*Activity:*
Apart from the images, the entire listing below must be restated word for word.

-- Data extract follows --

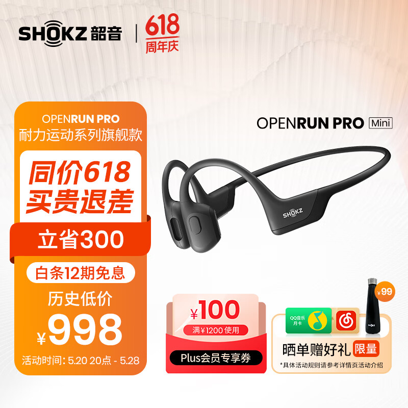 韶音(SHOKZ)OpenRun Pro骨传导蓝牙无线开放式耳机耳麦 不入耳式运动高音质 低频增强S810 Mini版骑士黑价格:998.00元!
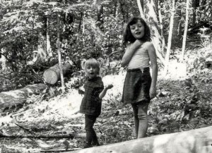 Na sliki sta Petra in Janja Kranjec. Posneta je bodisi v Gladovcu, ali pa v Pušči, torej v enem izmed gozdov, ki pripadajo hiši še dandanes, in se razprostirata na področju Menišije. Rekla bi, da je posnetek nastal “med mašami”, to je v času, ki je po starem izročilu najbolj ugoden za sekanje dreves, naš ata se je tega izročila zelo zvesto držal. “Med mašami” pomeni čas med Veliko in Malo mašo, druga polovica avgusta in začetek septembra.
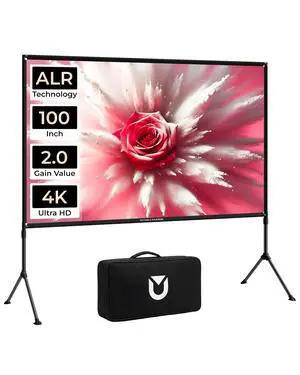 ULTIMEA Outdoor Projector Screen with Stand, 100 inch Anti-Glare Portable Projector Screen, Foldable Indoor Projection Screens 16:9 4K Full HD Movie Screen with Carry Bag for Home Theater
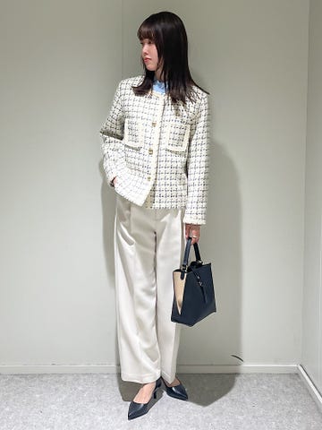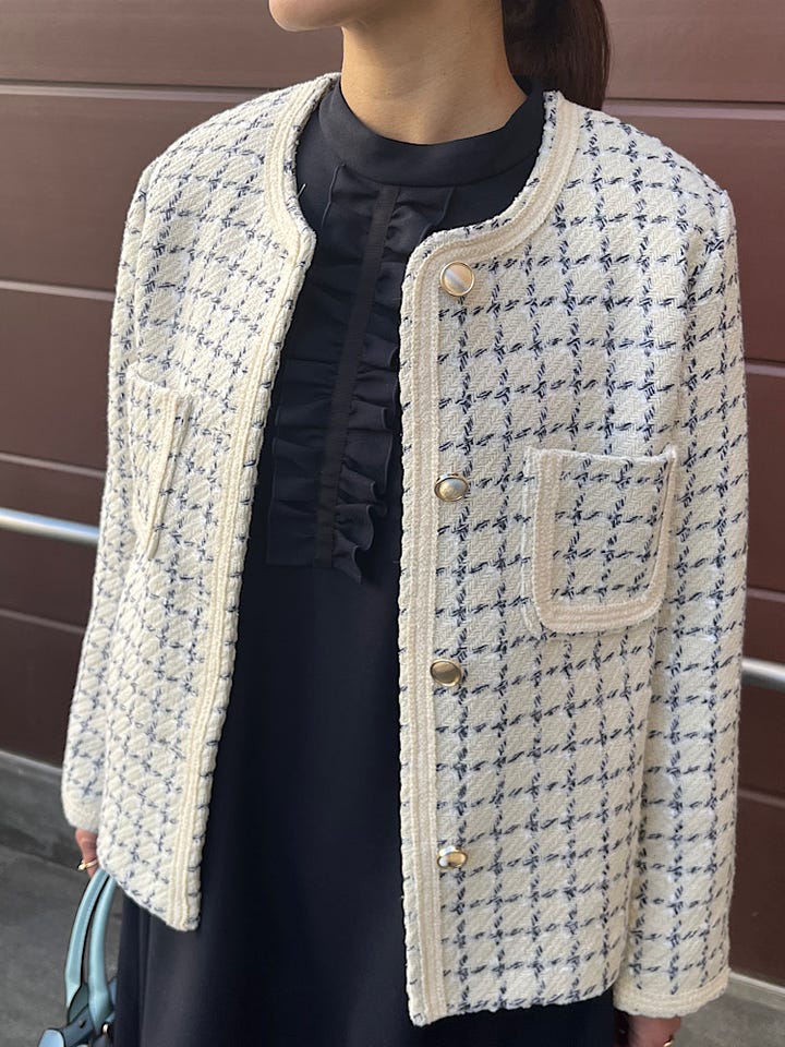 〔ONE SIZE〕SHIPS any: ツイード パイピング ノーカラー ジャケット

-- Data extract concluded --

*Task solution:*
 韶音(SHOKZ)OpenRun Pro骨传导蓝牙无线开放式耳机耳麦 不入耳式运动高音质 低频增强S810 Mini版骑士黑价格:998.00元!
 Na sliki sta Petra in Janja Kranjec. Posneta je bodisi v Gladovcu, ali pa v Pušči, torej v enem izmed gozdov, ki pripadajo hiši še dandanes, in se razprostirata na področju Menišije. Rekla bi, da je posnetek nastal “med mašami”, to je v času, ki je po starem izročilu najbolj ugoden za sekanje dreves, naš ata se je tega izročila zelo zvesto držal. “Med mašami” pomeni čas med Veliko in Malo mašo, druga polovica avgusta in začetek septembra.
 ULTIMEA Outdoor Projector Screen with Stand, 100 inch Anti-Glare Portable Projector Screen, Foldable Indoor Projection Screens 16:9 4K Full HD Movie Screen with Carry Bag for Home Theater
 〔ONE SIZE〕SHIPS any: ツイード パイピング ノーカラー ジャケット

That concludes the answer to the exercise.